-------- MATERIALS PROVIDED --------
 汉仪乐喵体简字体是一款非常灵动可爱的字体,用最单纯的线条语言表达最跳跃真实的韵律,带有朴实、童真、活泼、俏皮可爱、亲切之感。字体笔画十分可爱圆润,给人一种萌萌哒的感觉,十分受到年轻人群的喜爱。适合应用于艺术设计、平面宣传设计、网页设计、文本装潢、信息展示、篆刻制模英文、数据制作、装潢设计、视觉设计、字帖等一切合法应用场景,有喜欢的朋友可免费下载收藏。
--------
-------- MATERIALS PROVIDED --------
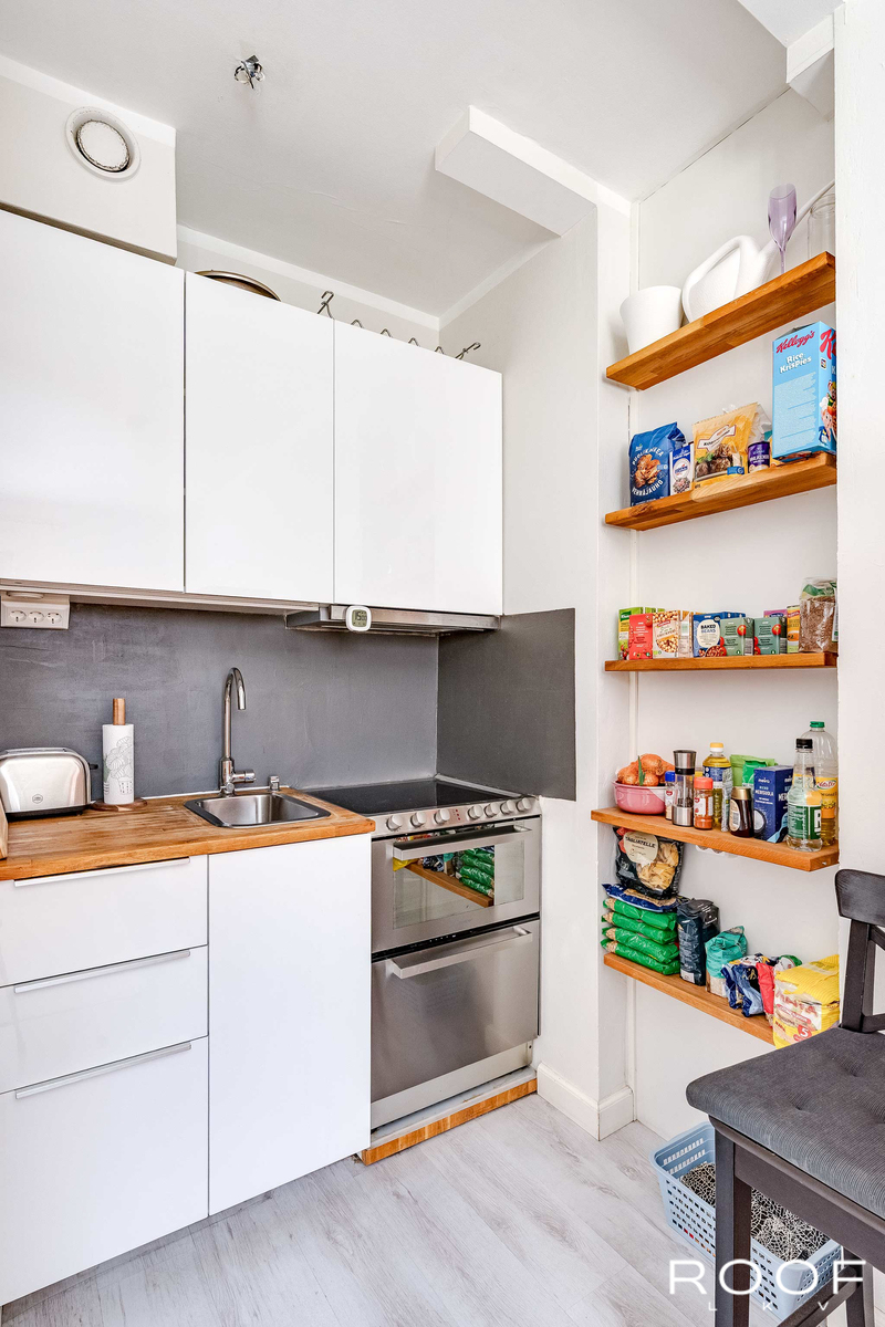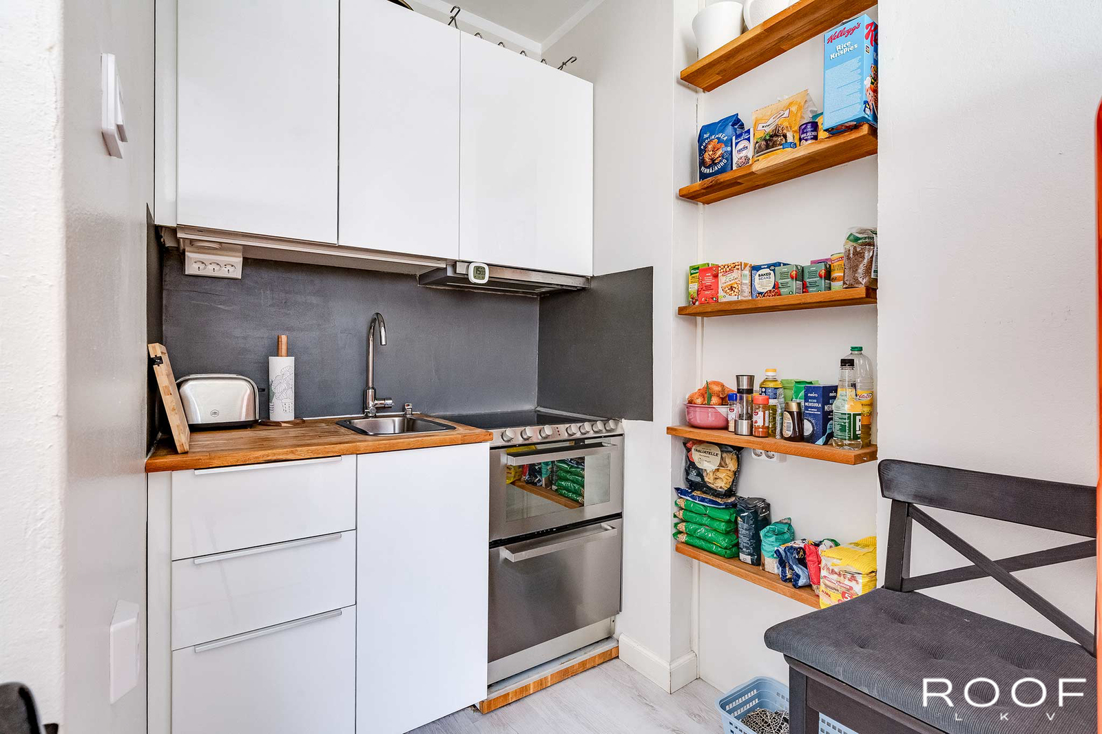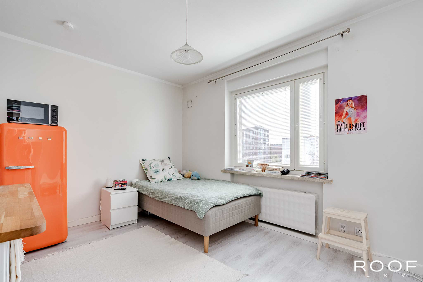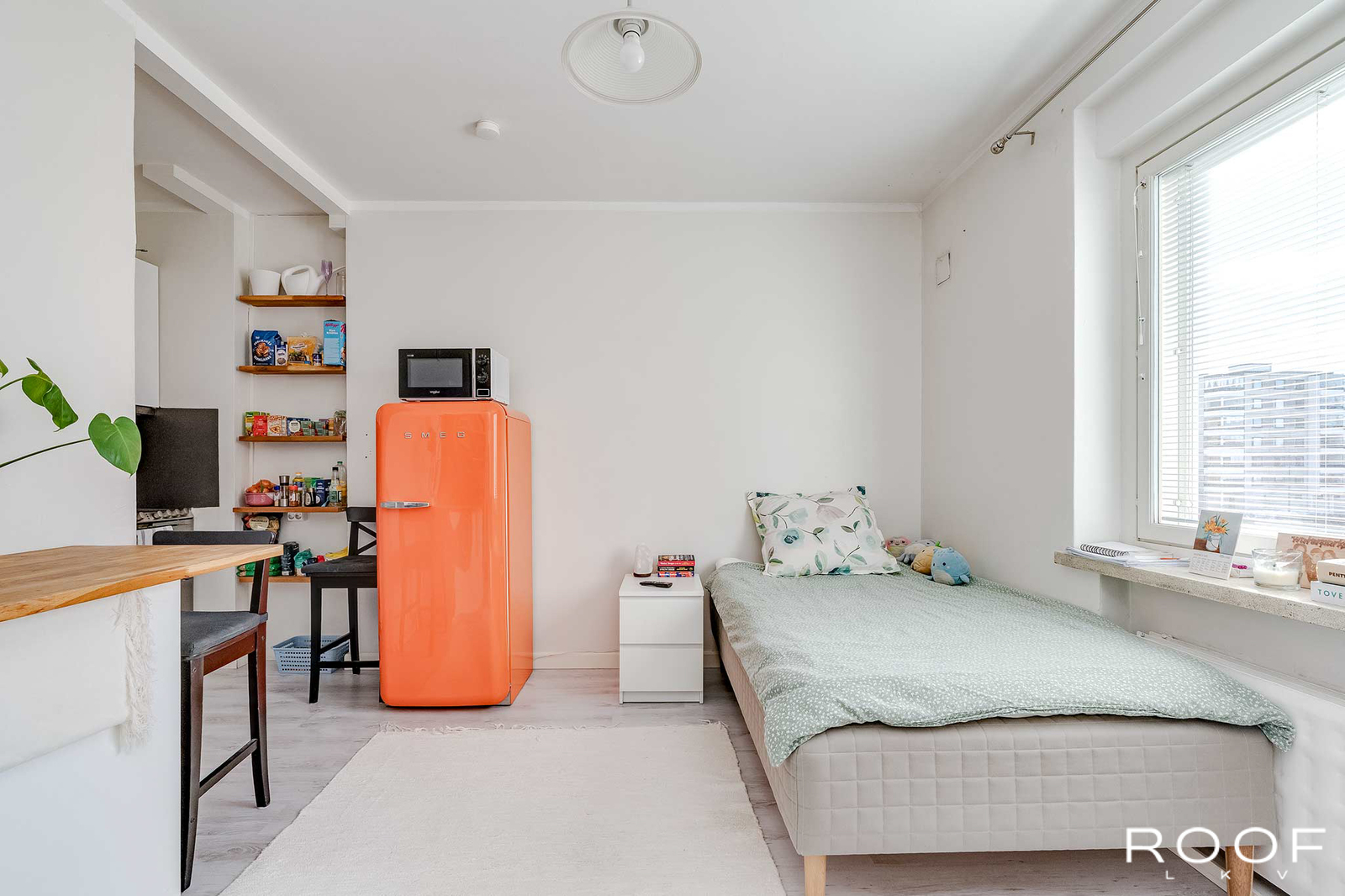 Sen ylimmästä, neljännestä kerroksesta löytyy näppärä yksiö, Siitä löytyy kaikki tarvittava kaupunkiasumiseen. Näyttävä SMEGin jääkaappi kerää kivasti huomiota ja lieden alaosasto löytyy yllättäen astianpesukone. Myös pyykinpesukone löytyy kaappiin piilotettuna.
--------
-------- MATERIALS PROVIDED --------
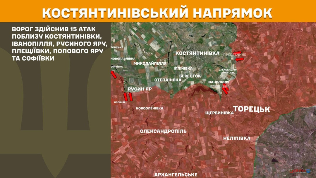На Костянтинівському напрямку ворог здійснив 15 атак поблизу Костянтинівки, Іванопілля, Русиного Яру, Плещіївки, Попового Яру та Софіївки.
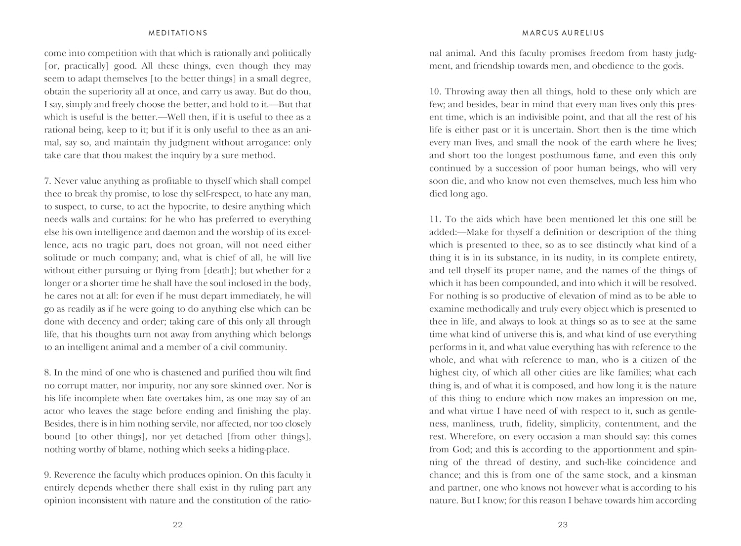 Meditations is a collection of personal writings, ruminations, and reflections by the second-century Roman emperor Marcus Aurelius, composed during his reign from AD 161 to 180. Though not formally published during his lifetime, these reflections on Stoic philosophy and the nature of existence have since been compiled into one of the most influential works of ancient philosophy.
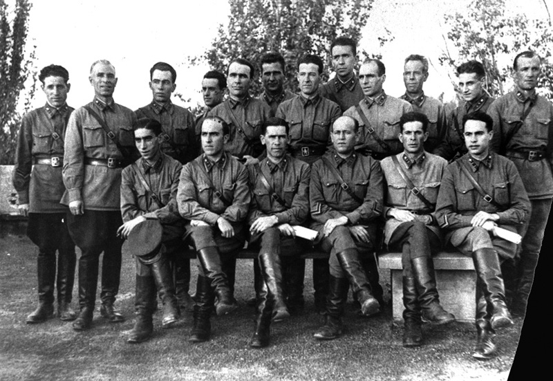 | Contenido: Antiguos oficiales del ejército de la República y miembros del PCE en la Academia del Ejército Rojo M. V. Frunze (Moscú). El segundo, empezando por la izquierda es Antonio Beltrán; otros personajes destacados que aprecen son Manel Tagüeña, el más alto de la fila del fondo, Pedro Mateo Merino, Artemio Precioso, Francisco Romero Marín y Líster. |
--------
DIRECTIONS: Print, word for word, the lines above that run from the line containing "Meditations is a" to the line containing "y Líster. |", both included. Keep the pictures out.

WRITTEN RESPONSE:
 Meditations is a collection of personal writings, ruminations, and reflections by the second-century Roman emperor Marcus Aurelius, composed during his reign from AD 161 to 180. Though not formally published during his lifetime, these reflections on Stoic philosophy and the nature of existence have since been compiled into one of the most influential works of ancient philosophy.
 | Contenido: Antiguos oficiales del ejército de la República y miembros del PCE en la Academia del Ejército Rojo M. V. Frunze (Moscú). El segundo, empezando por la izquierda es Antonio Beltrán; otros personajes destacados que aprecen son Manel Tagüeña, el más alto de la fila del fondo, Pedro Mateo Merino, Artemio Precioso, Francisco Romero Marín y Líster. |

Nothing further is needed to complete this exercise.